I have been a Dahua cheerleader for years. Slowly drifting away due to better performance from Hik lately. Also, Hik has been much more aggressive pricing wise, to the point it is close to the same cost to me. Thirdly, all of my Dahua OEM dealers have jumped ship to Hik OEM or Uniview. Dahua seems like it is dying.
NOTICE: This comment was moved from an existing discussion: Vandal Resistant IR Illuminators For Correctional Facility
Dahua response from the original discussion:
I assure you, the case is quite the opposite, which is rather apparent when considering our impending new product launches. If you would like to speak at length by phone about any of these developments, or if you would like to cite grievances with me directly, please feel free to contact me at your leisure.
NEXT MONTH NEXT MONTH NEXT MONTH! New Products next month!

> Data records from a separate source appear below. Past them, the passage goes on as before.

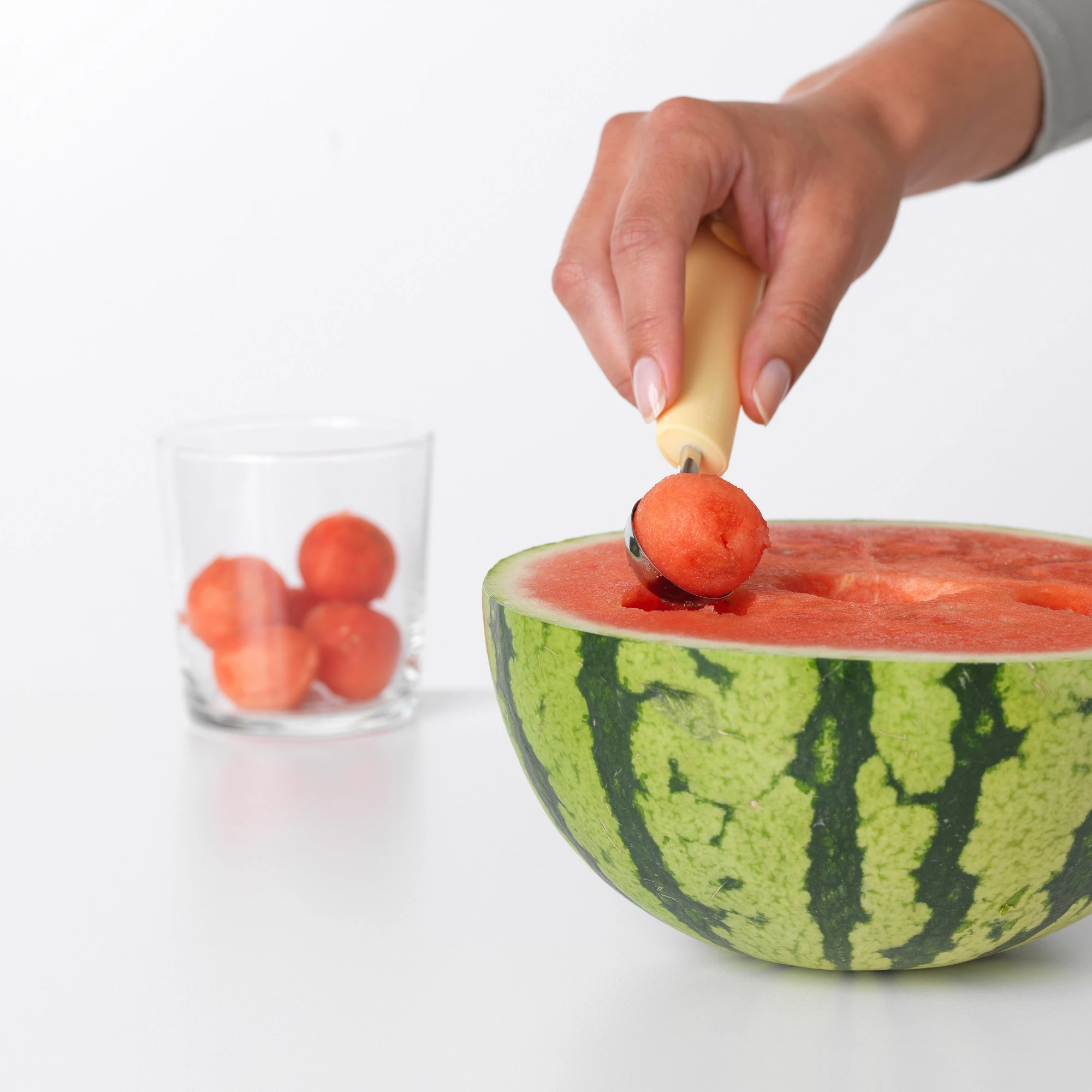 - Wszechstronność – idealna do formowania kul z melona, wydrążania ziemniaków, pomidorów czy tworzenia dekoracyjnych porcji.
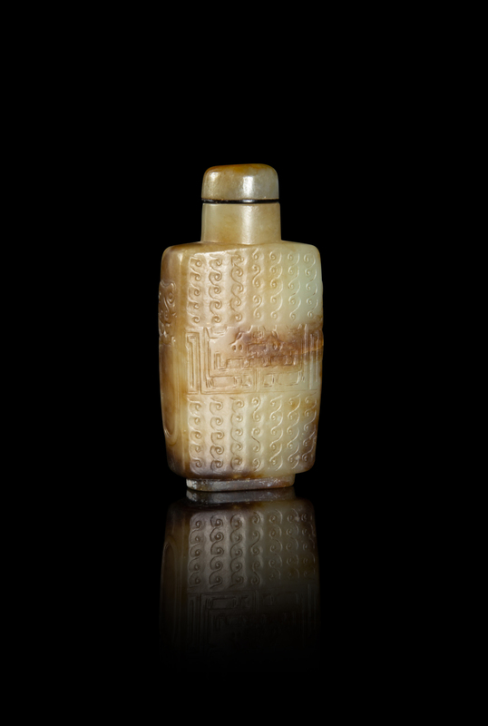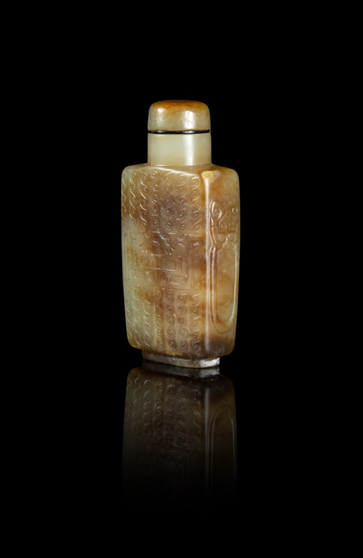 A Russet and Celadon Jade 'Kuilong' Snuff Bottle
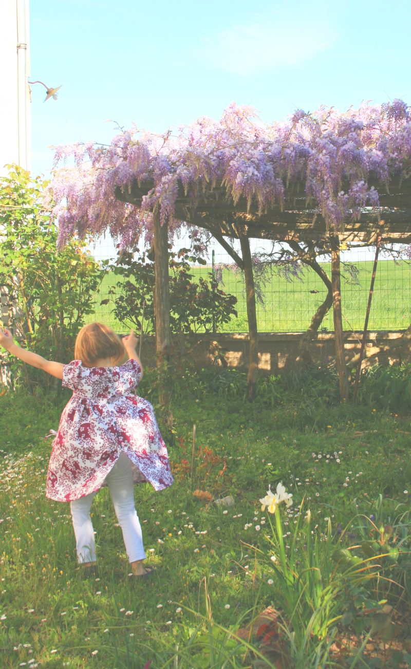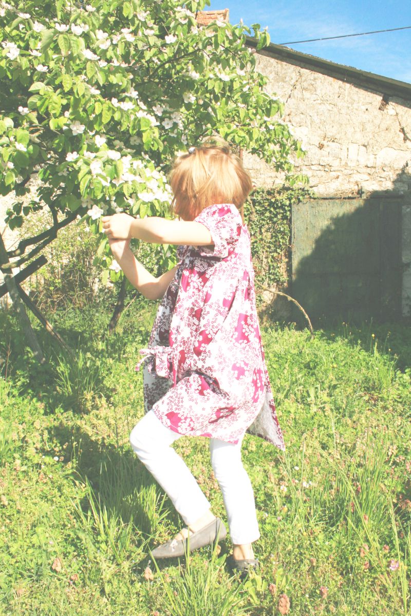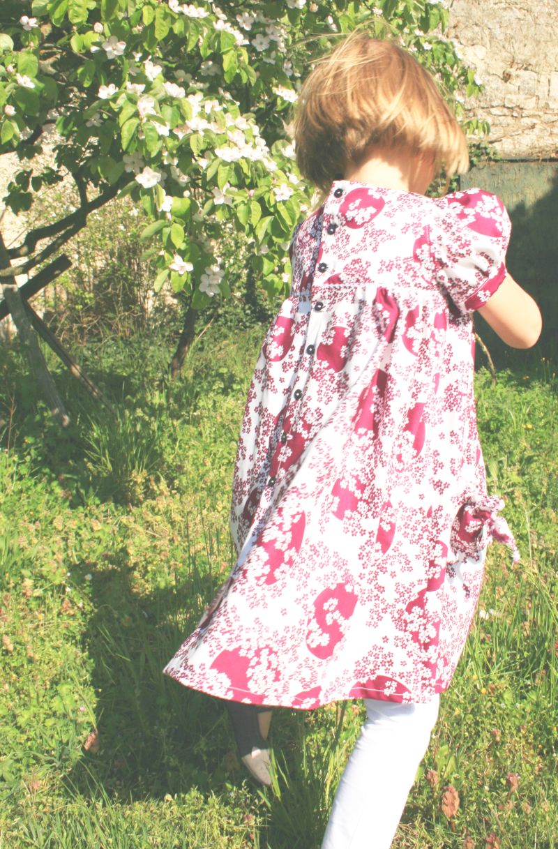 J’ai fait cette petite robe fleurie pour ma cousine de 5 ans, qui est dans sa période princesse à fond, elle était ravie et fière de pouvoir tournoyer avec et de faire la pause comme une pro.
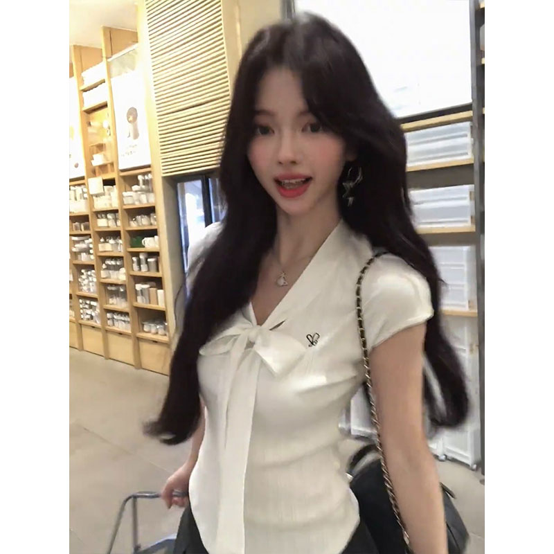 학원 스타일 품격 핫걸 레이스업 리본 반팔 티셔츠 여성 의류 여름 핫걸 몸매 가꾸기 다용도 V넥 맨위

Probrem now? No worry... buy the new product next month! Fix all the problems! Buy our dead stock now though plz.... plz?
In fairness to Dahua, Matt reached out to me and is trying his best to resolve my issues with Dahua. Time will tell if they are able to deliver, but I am hoping that they can fix the issues for us quickly.

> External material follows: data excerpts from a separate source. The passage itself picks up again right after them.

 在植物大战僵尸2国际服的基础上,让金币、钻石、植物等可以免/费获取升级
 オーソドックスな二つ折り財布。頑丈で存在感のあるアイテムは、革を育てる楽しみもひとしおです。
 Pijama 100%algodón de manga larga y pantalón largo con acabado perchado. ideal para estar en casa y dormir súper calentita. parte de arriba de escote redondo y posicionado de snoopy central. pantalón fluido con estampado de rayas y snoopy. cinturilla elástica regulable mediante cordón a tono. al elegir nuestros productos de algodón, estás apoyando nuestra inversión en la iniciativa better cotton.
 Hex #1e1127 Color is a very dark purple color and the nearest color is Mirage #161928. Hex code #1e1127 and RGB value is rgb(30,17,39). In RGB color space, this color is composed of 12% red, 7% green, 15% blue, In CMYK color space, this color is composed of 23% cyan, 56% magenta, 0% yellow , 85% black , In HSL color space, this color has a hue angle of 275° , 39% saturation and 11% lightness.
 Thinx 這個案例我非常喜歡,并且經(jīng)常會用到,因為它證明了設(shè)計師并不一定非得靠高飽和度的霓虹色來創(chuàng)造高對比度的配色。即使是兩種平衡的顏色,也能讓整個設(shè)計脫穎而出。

Jon, thanks for the feedback. How important is Hikvision cutting prices? Alternatively put, if the other things are rectified, how much does it matter / impact your buying of Hikvision's aggressive pricing?
The Dahua pricing I was getting was almost 25% less than Hik at that time. After the aggressive pricing by Hik, and considering the issues we found with the Dahua model in use, we shifted to Hik for now. I will give Dahua a chance to fix the issue and go from there.
I am glad to see you are working it out with Matt. But that begs the question, if the relationship was there, why wouldn't a buyer (end user, integrator, dealer, etc) try to work out concerns before jumping on the pricing bandwagon? Is TCO not a consideration in the price war?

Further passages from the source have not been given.